▽

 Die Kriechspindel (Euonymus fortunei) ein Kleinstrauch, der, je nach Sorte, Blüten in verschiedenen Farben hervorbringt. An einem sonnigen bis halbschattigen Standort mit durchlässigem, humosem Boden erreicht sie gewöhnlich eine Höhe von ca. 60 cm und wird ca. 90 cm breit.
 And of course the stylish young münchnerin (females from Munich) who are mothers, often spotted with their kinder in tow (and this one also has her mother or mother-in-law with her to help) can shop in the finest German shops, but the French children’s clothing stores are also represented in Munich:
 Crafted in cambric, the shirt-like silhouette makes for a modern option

△
▽

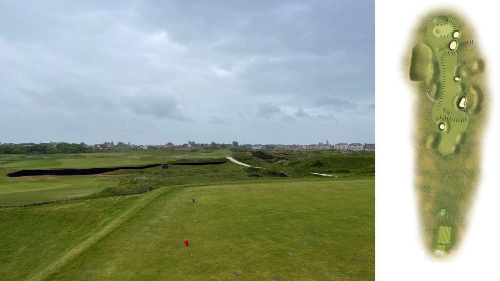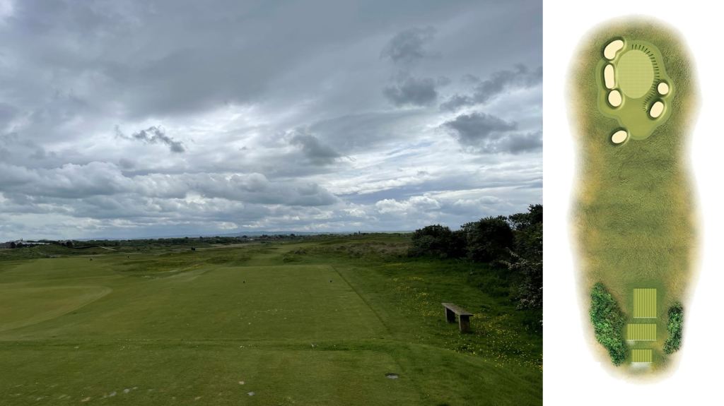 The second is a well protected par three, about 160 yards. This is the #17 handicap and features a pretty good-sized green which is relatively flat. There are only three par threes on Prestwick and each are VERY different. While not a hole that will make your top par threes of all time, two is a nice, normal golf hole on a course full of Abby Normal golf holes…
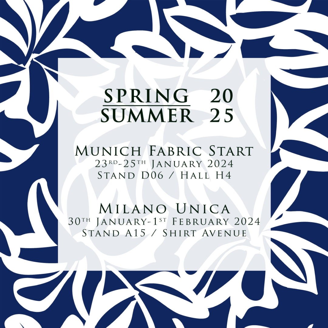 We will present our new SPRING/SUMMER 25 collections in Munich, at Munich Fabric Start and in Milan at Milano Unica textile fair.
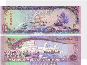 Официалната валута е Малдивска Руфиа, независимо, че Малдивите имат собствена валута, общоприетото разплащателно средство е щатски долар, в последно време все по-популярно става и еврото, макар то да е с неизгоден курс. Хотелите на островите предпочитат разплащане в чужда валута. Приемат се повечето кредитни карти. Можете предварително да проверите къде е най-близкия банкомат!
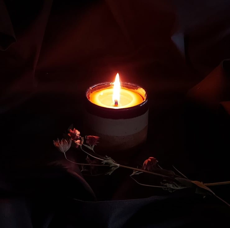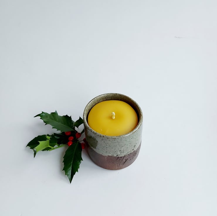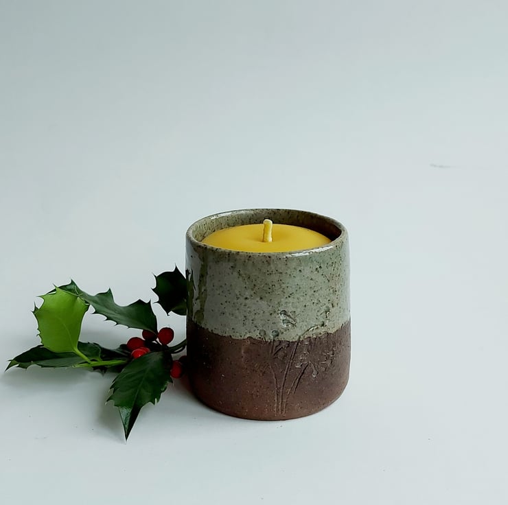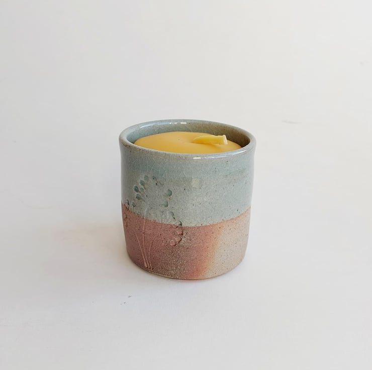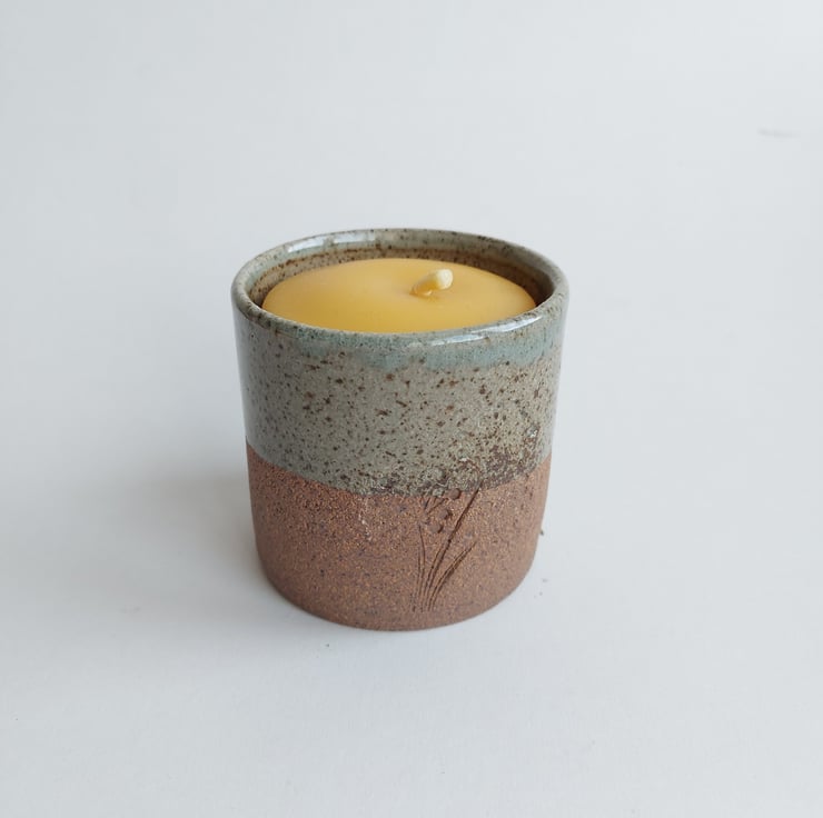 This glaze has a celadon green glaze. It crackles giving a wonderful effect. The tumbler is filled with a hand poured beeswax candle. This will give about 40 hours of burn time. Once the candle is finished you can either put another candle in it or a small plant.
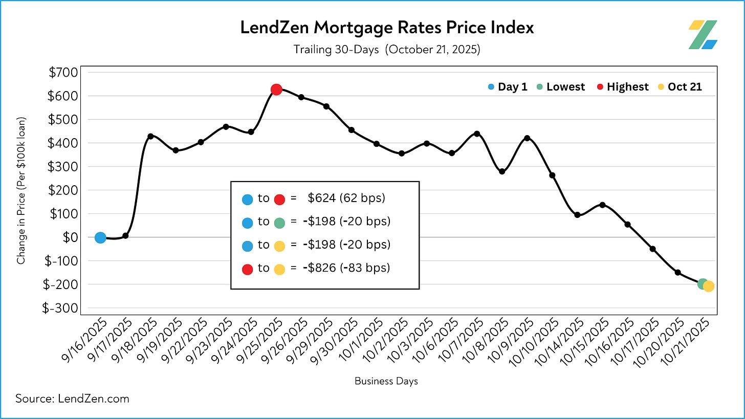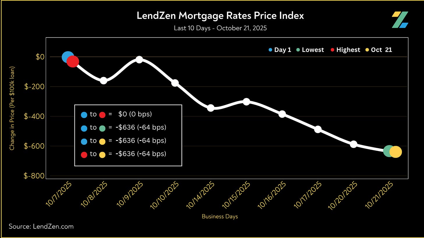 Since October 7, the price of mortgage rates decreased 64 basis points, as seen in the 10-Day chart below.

△

In the listing above, find the line containing "We will present" and the line containing "Официалната валута е", then write out both of them and every line between, exactly, with no pictures.

 We will present our new SPRING/SUMMER 25 collections in Munich, at Munich Fabric Start and in Milan at Milano Unica textile fair.
 Официалната валута е Малдивска Руфиа, независимо, че Малдивите имат собствена валута, общоприетото разплащателно средство е щатски долар, в последно време все по-популярно става и еврото, макар то да е с неизгоден курс. Хотелите на островите предпочитат разплащане в чужда валута. Приемат се повечето кредитни карти. Можете предварително да проверите къде е най-близкия банкомат!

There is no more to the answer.